When he was governor, Angus King often lamented the lack of value-added components in Maine’s economy. Wood chips and pulp should not be exported, he argued; instead, Maine should lead in paper, lumber and furniture making. A favorite line was that no fish should leave the state with its head still on.
Clean, drinkable water, a resource Maine has in abundance, may soon become more valuable than fish and wood combined. But without adequate state oversight, that resource will be tapped and sold around the world, leaving residents of small towns to fight among themselves over whether the subsidies they get are enough.
This summer, residents of Kennebunk, Kennebunkport, Wells and other small towns in York County have gone to battle with Nestle Waters, the parent company of Poland Spring, over its plan to extract and export water from the regional aquifer. To date, there is no apparent winner. The Kennebunk, Kennebunkport and Wells Water District, which was negotiating with Nestle, has tabled indefinitely a proposed agreement.
The extraction of water for sale elsewhere seems like a good deal for Maine. There are no smokestack emissions, and most studies of the aquifer suggest it contains more water than needed by users in the towns.
But opponents, who have turned out in the hundreds for noisy protests at water district board meetings, say the pollution is there, it’s just not obvious.
Maude Barlow, a Canadian activist and author of “Blue Covenant: The Global Water Crisis and the Fight for the Right to Water,” spoke earlier this summer at York County Community College. An opponent of the “privatization of water,” she said the bottled water business may seem clean and green but the 50 billion gallons of water bottled and sold each year creates 400 billion plastic containers, a petroleum-reliant product.

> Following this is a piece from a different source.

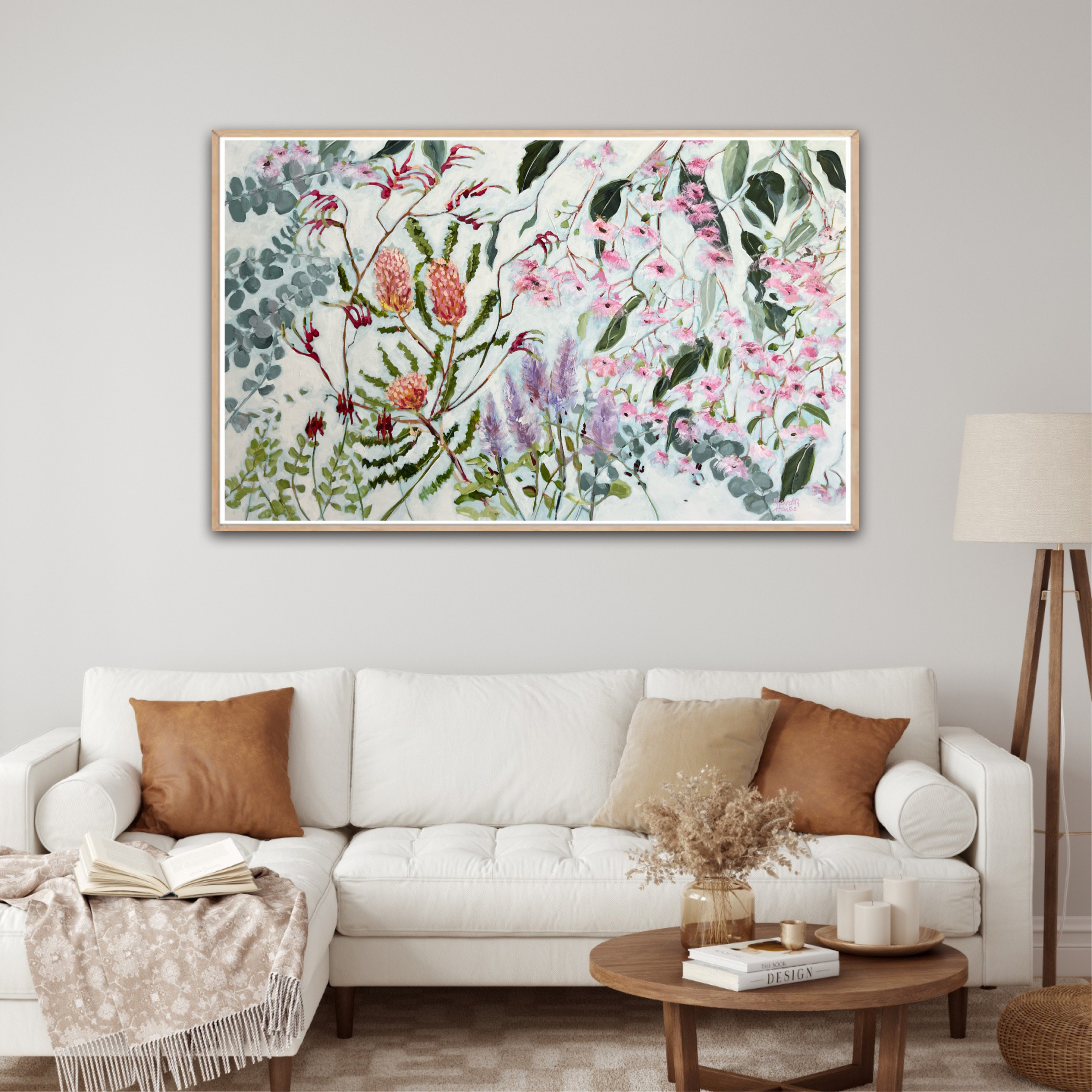 Banksia 2 by Meredith Howse is an original painting that showcases a harmonious collection of Australian native flowers in full bloom. The artwork features an array of vibrant flora including Banksia, Gum Nut Eucalyptus, Sturt Desert Pea, and Kangaroo Paw, which is the state flower emblem of Western Australia. Each element is thoughtfully depicted, celebrating the natural beauty and diversity of Australia’s flora.

Of companies that sell bottled water, Ms. Barlow said: “They’re water hunters. They don’t care about your community.” As demand in emerging industrial nations such as China and India grows, they become more urgent in their pursuit of the resource, she said.
The rhetoric among opponents is probably over the top. State geologists say Maine has plenty of water, and it makes sense to consider selling what is not being used locally.
But residents of these small towns are right to be wary of corporate promises and assurances. The agreements call for long-term extraction; if local wells dry up or contaminants leach into the aquifer, towns may have little leverage. The people are represented in these negotiations by water districts, which are quasi-municipal entities whose members are usually appointed by elected town officials. The water district members do not answer to residents, or, often, to town officials.
This is where state government should intervene and raise the bar in reviewing such deals. With a broader and longer-term perspective, the state can better find out whether water sales are a good deal.